▶ _Problem details_
Your copy of the entries below should hold exactly the lines from the one containing "ウィンタースタイルカラープルオーバー スリーブセーター ショートニットトップス" to the one containing "انطلاقاً من حرص", inclusive, and no pictures.

▶ _Source material_
+ + + + + + +
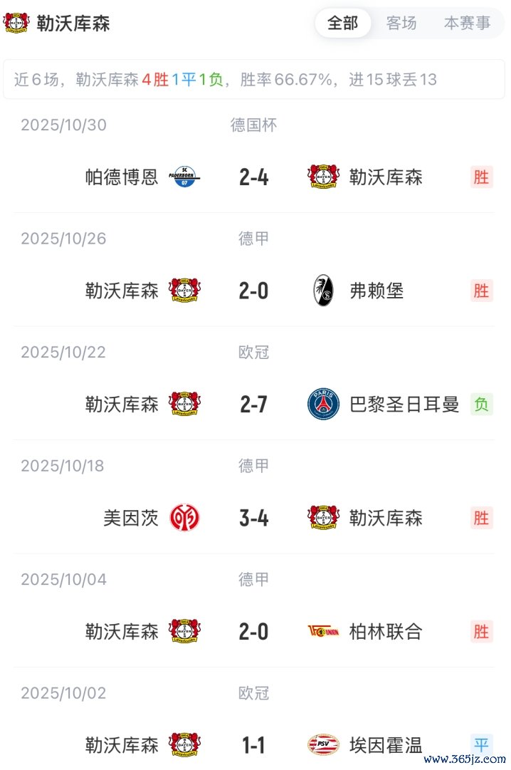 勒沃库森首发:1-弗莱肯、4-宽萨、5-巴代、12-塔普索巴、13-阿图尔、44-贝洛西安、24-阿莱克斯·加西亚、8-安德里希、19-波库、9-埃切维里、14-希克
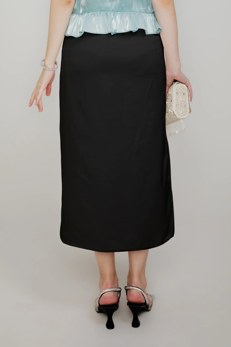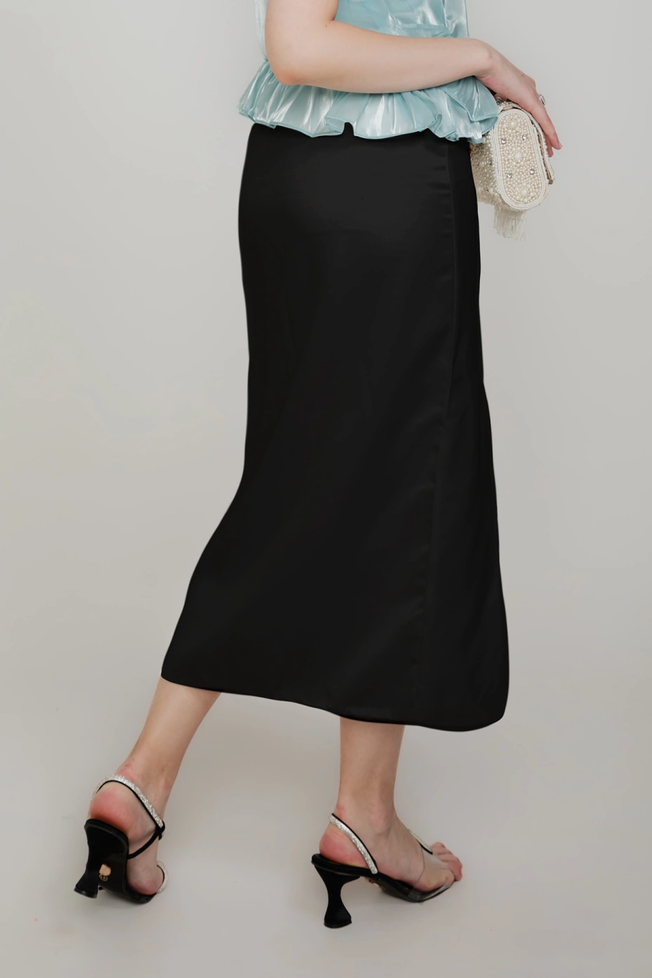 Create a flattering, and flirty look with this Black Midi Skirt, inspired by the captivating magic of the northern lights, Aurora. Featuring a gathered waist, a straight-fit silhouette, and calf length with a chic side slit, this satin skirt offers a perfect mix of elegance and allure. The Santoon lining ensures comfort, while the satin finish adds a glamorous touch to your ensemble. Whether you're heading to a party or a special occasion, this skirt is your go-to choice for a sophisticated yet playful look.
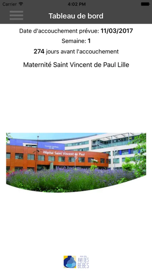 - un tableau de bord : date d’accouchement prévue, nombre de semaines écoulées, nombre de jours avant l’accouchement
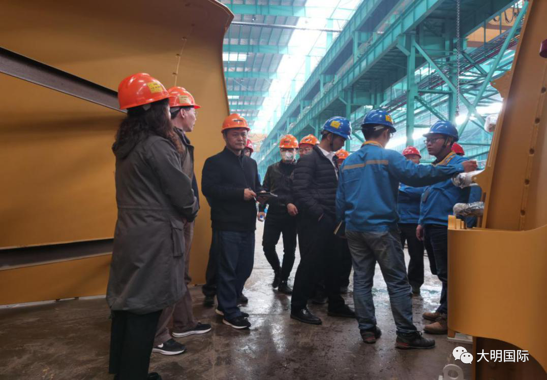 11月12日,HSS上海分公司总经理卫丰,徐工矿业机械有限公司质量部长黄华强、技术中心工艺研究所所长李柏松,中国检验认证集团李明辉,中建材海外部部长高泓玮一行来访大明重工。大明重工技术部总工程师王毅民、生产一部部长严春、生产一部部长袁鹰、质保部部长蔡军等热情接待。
+ + + + + + +
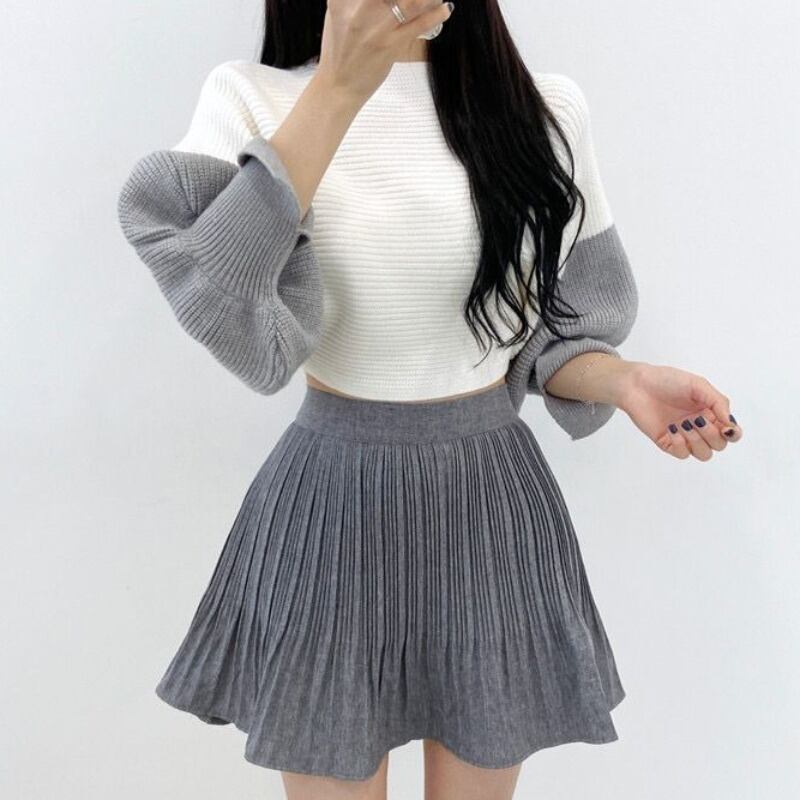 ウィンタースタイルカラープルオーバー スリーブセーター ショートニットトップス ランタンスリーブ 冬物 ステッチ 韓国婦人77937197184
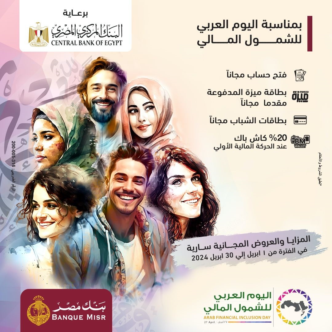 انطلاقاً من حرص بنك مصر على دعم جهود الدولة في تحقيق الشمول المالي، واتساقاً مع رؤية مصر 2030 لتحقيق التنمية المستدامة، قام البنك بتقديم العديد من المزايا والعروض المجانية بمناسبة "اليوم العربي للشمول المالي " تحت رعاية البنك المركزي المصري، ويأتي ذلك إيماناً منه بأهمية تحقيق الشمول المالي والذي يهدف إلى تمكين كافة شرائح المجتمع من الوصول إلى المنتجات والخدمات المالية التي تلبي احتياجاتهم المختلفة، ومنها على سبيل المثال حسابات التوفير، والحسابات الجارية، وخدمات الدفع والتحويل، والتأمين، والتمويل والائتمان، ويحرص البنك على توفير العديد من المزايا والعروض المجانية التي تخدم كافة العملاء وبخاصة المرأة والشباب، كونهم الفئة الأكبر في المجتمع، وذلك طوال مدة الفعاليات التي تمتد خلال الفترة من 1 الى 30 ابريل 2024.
+ + + + + + +
▶ _Solution for this exercise_
 ウィンタースタイルカラープルオーバー スリーブセーター ショートニットトップス ランタンスリーブ 冬物 ステッチ 韓国婦人77937197184
 انطلاقاً من حرص بنك مصر على دعم جهود الدولة في تحقيق الشمول المالي، واتساقاً مع رؤية مصر 2030 لتحقيق التنمية المستدامة، قام البنك بتقديم العديد من المزايا والعروض المجانية بمناسبة "اليوم العربي للشمول المالي " تحت رعاية البنك المركزي المصري، ويأتي ذلك إيماناً منه بأهمية تحقيق الشمول المالي والذي يهدف إلى تمكين كافة شرائح المجتمع من الوصول إلى المنتجات والخدمات المالية التي تلبي احتياجاتهم المختلفة، ومنها على سبيل المثال حسابات التوفير، والحسابات الجارية، وخدمات الدفع والتحويل، والتأمين، والتمويل والائتمان، ويحرص البنك على توفير العديد من المزايا والعروض المجانية التي تخدم كافة العملاء وبخاصة المرأة والشباب، كونهم الفئة الأكبر في المجتمع، وذلك طوال مدة الفعاليات التي تمتد خلال الفترة من 1 الى 30 ابريل 2024.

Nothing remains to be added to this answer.